On 2020/7/2 下午9:56, Josef Bacik wrote:
> On 7/2/20 9:50 AM, Qu Wenruo wrote:
>>
>>
>> On 2020/7/2 下午9:40, Josef Bacik wrote:
>>> On 7/1/20 8:14 PM, Qu Wenruo wrote:
>>>> [PROBLEM]
>>>> Before this patch, when btrfs_qgroup_reserve_data() fails, we free all
>>>> reserved space of the changeset.
>>>>
>>>> This means the following call is not possible:
>>>> ret = btrfs_qgroup_reserve_data();
>>>> if (ret == -EDQUOT) {
>>>> /* Do something to free some qgroup space */
>>>> ret = btrfs_qgroup_reserve_data();
>>>> }
>>>>
>>>> As if the first btrfs_qgroup_reserve_data() fails, it will free all
>>>> reserved qgroup space, so the next btrfs_qgroup_reserve_data() will
>>>> always success, and can go beyond qgroup limit.
>>>>
>>>> [CAUSE]
>>>> This is mostly due to the fact that we don't have a good way to revert
>>>> changeset modification accurately.
>>>>
>>>> Currently the changeset infrastructure is implemented using ulist,
>>>> which
>>>> can only store two u64 values, used as start and length for each
>>>> changed
>>>> extent range.
>>>>
>>>> So we can't record which changed extent is modified in last
>>>> modification, thus unable to revert to previous status.
>>>>
>>>> [FIX]
>>>> This patch will re-implement using pure rbtree, adding a new member,
>>>> changed_extent::seq, so we can remove changed extents which is
>>>> modified in previous modification.
>>>>
>>>> This allows us to implement qgroup_revert(), which allow btrfs to
>>>> revert
>>>> its modification to the io_tree.
>>>>
>>>
>>> I'm having a hard time groking what's going on here. These changesets
>>> are limited to a [start, end] range correct?
>>
>> Yes, but we may be only responsible for part of the changeset.
>>
>> One example is we want to falloc range [0, 16K)
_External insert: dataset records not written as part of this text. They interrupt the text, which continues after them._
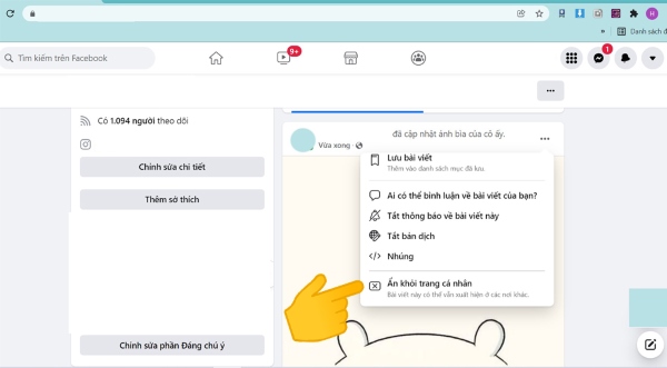 Bước 3: Tiếp theo, bạn vào bài đăng cập nhật ảnh bìa của mình và chọn vào biểu tượng dấu ba chấm rồi chọn Ẩn khỏi trang cá nhân.
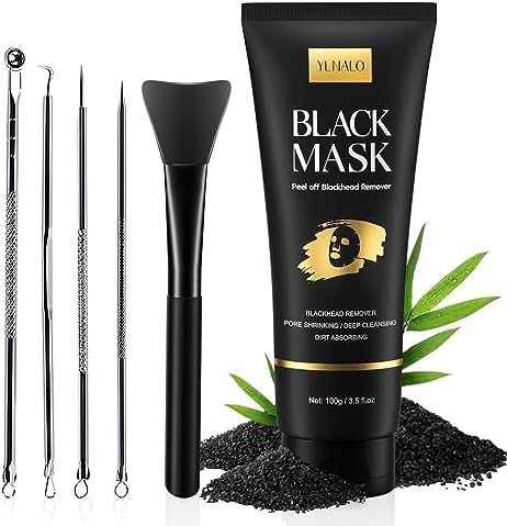 YLNALO Charcoal Peel off Blackhead Remover Mask + Blackhead Extractor Kit + Silicone Face Mask Brush
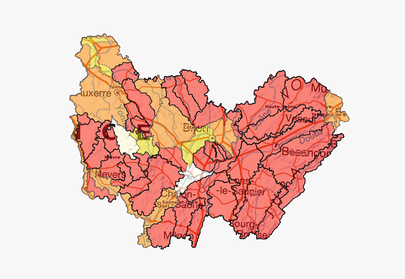 Retrouvez la mise à jour 2021 de la cartographie des arrêtés CATNAT inondation sur la région BFC !

>> And [0, 4K), [8K, 12K) has already one existing file extent.
>>
>> Then we succeeded in allocating space for [4K, 8K), but failed to
>> allocating space for [8K, 12K).
Sorry, this should be [12K, 16K).
>>
>> In that case, if we just return EDQUOT and clear the range for [4K, 8k)
>> and [8K, 12K), everything is completely fine.
>>
>> But if we want to retry, then we should only clear the range for [8K,
>> 12K), but not to clear [4K, 8K).
>>
>> That's what we need for the next patch, just revert what we did in
>> previous set_extent_bit(), but not touching previously set bits.
>>
>
> Ok so how do we get to this case then? The changeset already has the
> range we're responsible for correct?
> Why do we need the sequence
> number? Like we should have a changeset for [4k, 8k) and one for [8k,
> 12k) right? Or are we handed back the whole thing? If we fail _just_
> for the [8k, 12k) part, do we know that? Or do we just know our whole
> [0k, 16k) thing failed, and so we need all this convoluted tracking to
> be able to retry for the range that we fucked up, and this is what you
> are facilitating? Thanks,
Oh, I got your point.
Right, when the failure happens, the range passed in is not [0, 16K),
but the last failed one.
We can just check the range, free any existing entry in the failure
range, and call it a day...
And I made the case over complicated them.
Thanks for the advice, I'll try to use the existing ulist mechanism to
do the same thing.
Thanks,
Qu
>
> Josef
Attachment:
signature.asc
Description: OpenPGP digital signature